Cómo asegurar que el espacio de trabajo se convierta en una herramienta estratégica que genere valor para el negocio.
Una publicación de Contract Workplaces
Mantener ya no significa únicamente conservar. La operación y el mantenimiento han evolucionado hacia un enfoque centrado en el desempeño de los activos, la continuidad del trabajo y la experiencia de uso para convertirse en un motor de ventaja competitiva para las organizaciones. Sin abandonar la gestión técnica de la infraestructura, hoy cobra igual relevancia su funcionamiento real en el uso cotidiano. El objetivo es asegurar su mejor rendimiento para que el espacio físico se convierta en una herramienta estratégica que genere valor para el negocio.
Esta evolución responde a que el Facility Management (FM) ha dejado de entenderse como un gasto operativo para convertirse en una función fundamental, un pilar de la productividad y el bienestar. Cuando el edificio funciona –la temperatura es adecuada, las salas están disponibles en tiempo y forma, la acústica permite la concentración y los espacios comunes favorecen el encuentro– nadie lo percibe conscientemente. Lo que sí se percibe es la fricción en la operación, y eso tiene un costo.

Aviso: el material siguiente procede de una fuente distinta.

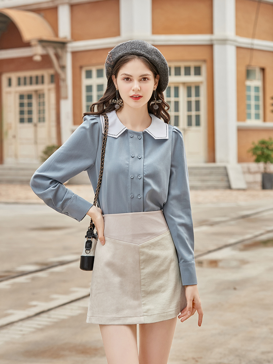 / MG小象小清新藍色襯衫女冬季短款高腰半身裙2018新款寬松學生上衣

El índice Leesman ha documentado que casi tres de cada diez empleados consideran que su espacio de trabajo no les permite trabajar de manera productiva debido a diversos factores tales como el ruido o la falta de privacidad1. Lo que esta cifra revela no es un problema técnico de las instalaciones, sino una brecha en la experiencia: entre el espacio que existe y el espacio que funciona para las personas que lo habitan. Eliminar esta fricción es el trabajo del FM.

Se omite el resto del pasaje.